I got my first calculator in jr. high in the early-’70s. It had four functions: Addition, Subtraction, Multiplication, and Division. It had an 8-digit nixie tube display, used (IIRC) eight AA cells, and cost $99. I recall it got rather warm, and burned through AA cells pretty quickly.
What do you mean by “know their times tables”? And is that a question about “pencil-and-paper arithmetic” or about “mental math” or about remembering basic facts?
I think that it’s more important to be able to see that both fractions are a bit less than 1/2 and that they are fairly close to each other in value, and to know how to tell which is larger with a calculator available.
Please concentrate more on the trivial calculations. 
The answer is 9¢, not .1¢.
Good catch. It is indeed nine cents, not one tenth of a cent!
The math that the cashier would need to do is still taught. I would not even assume she couldn’t do that math ordinarily. She easily could have had trouble thinking of it due to the script being flipped on her. She’s not used to having to think about the transaction, as the machine tells her what to give you back, and she’d now have to think about “how do I handle changing the amount he gave me?”
I suspect in other words it could be less practical knowledge of need to use it, and just the rut of working a job, possibly on low sleep. And not that she couldn’t handle it in a math classroom.
Good point.
“sig figs” as my college prof put it.
The two errors cancel out, don’t they?
Know the product of any pair of single digits, instantly – no thought involved. Pencil-and-paper long division takes five? ten? times as long, if you have to figure out each multiplication involved.
By the way – my question isn’t about what kids should know. All I’m asking is: what do they know, nowadays?
When I’m teaching Algebra II and Precalculus students about polynomials, and specifically division of polynomials, I always start by asking them, first, how many of them learned long division of numbers (almost all hands go up), and second, how many of them actually remember it (maybe a third of the hands go up). And of that second group, it’s probably a smaller number yet that actually remember it.
Anyway, I re-teach it anyway, because most students definitely don’t remember it (the technique for dividing polynomials is almost identical to long division of numbers).
I’ve got a math minor and a EE degree, but even back then we were using calculators for most of our long division problems.
I still can do long division, but it’s not something I’m super fast with.
“New Math”, by Tom Lehrer
Don’t judge math skills by a cashier. Fast food places all switched in the 1980’s to cash registers with item icons, automatically calculated totals and maybe even change (?). It was a marked change from the 70’s style where one had to punch in each individual item price.
Abacus skills seem to generally no longer taught to school kids throughout Asia these days. Japan still seems to teach: “Soroban remains part of the national curriculum in many elementary schools.” (Copilot)
There’s a famous proof that most adults cannot understand fractions.
A hamburger chain tried to beat McDonalds by selling a 1/3 pounder at the same price as McD’s quarter pounder. People refused to buy it, because they thought 1/3 was less than 1/4.
Trial & Error is not far from the “official” method.
Make a guess. Divide the number by the guess. Average the 2 numbers. Repeat until the 2 numbers are “close enough.”

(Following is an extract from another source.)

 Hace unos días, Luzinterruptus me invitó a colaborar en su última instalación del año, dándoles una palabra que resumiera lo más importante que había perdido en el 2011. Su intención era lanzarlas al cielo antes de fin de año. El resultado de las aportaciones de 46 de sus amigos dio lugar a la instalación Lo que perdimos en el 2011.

Okay, show me. Here’s how I did it. Each line is equivalent to the line above.
16/37 < 29/67 iff
37/16 > 67/29 iff (subtract 2 from each side)
5/16 > 9/29 iff
16/5 < 29/9 iff (sub 3)
1/5 < 2/9 iff
5 > 9/2 which is obviously true.
But I don’t think I could carry this out in my head.
I cross-multiplied (see post 11).
But I like the continued fraction method, too.

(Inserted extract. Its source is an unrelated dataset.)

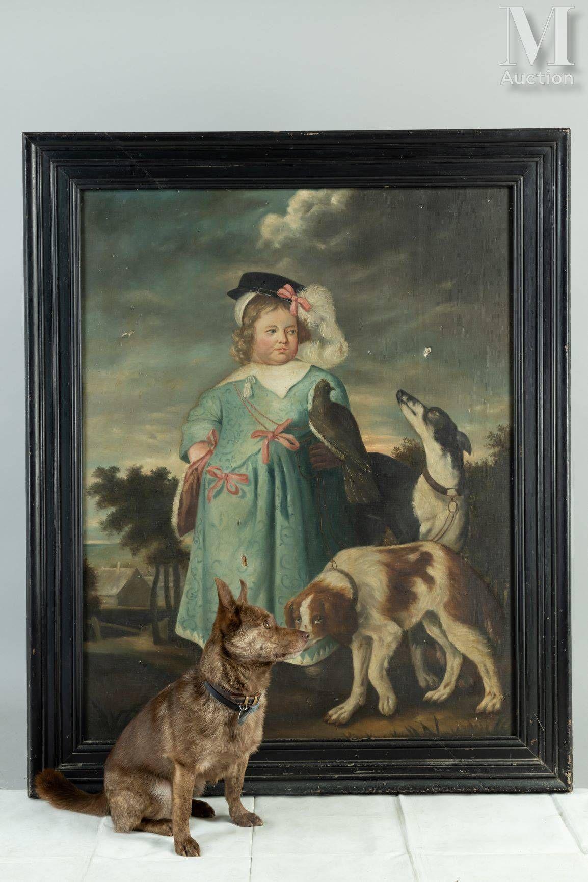 Young falconer with two sisters and a dog by Dutch artist Johannes van Noordt (1624-1676)

I did the same basic thing as Chronos without the fancy square roots and mental arithmetic. It may be worth spelling it out for anyone getting lost.
29/67 ? 16/37
(29*37)/(67*37) ? (16*67)/(37*67) make the denominators the same
29*37 ? 16*67 ignore the denominators now that they match
1073 > 1072 do the two multiplications (on paper)I don’t recall ever learning this at school, so the whole discussion of that equation has had me mystified from the beginning. And I think of myself as reasonably academically smart.

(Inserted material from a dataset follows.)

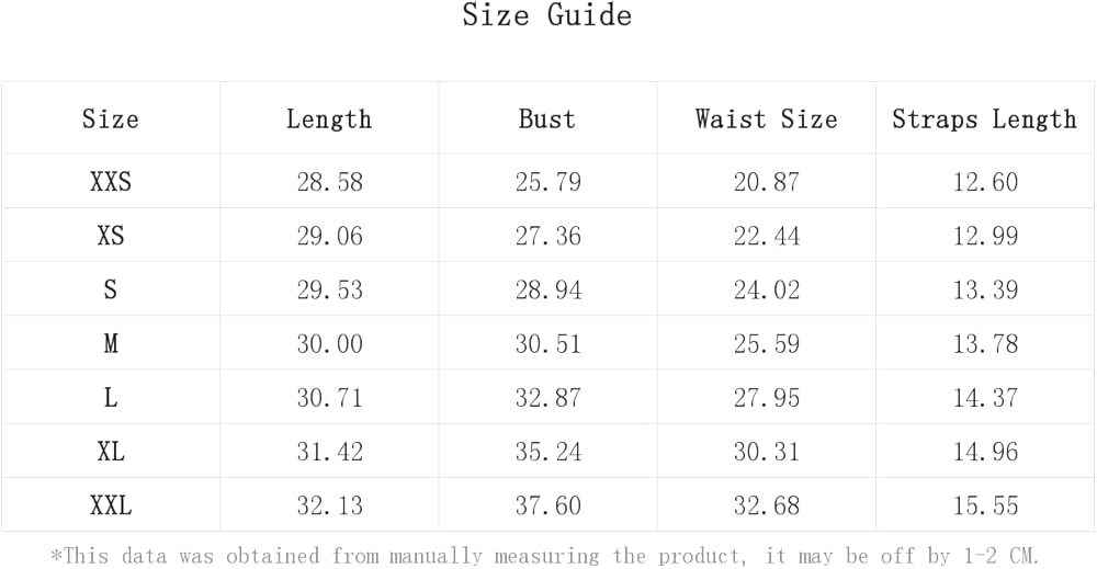 Small: Bust: 28.9", Length: 29.5", Waist Size: 24.0"

“Long division” means long division:
11.09053
----------
123.00
1
---
023
21
---
200
0
---
20000
19881
-----
11900
0
-----
1190000
1109025
-------
8097500
6654309
If you look at the Harvard admissions exam from 1869, page 6, or the one from MIT, you can see that finding square roots and cube roots to a few places of decimals was on the test, though the method is not specified: it just asks to show your work.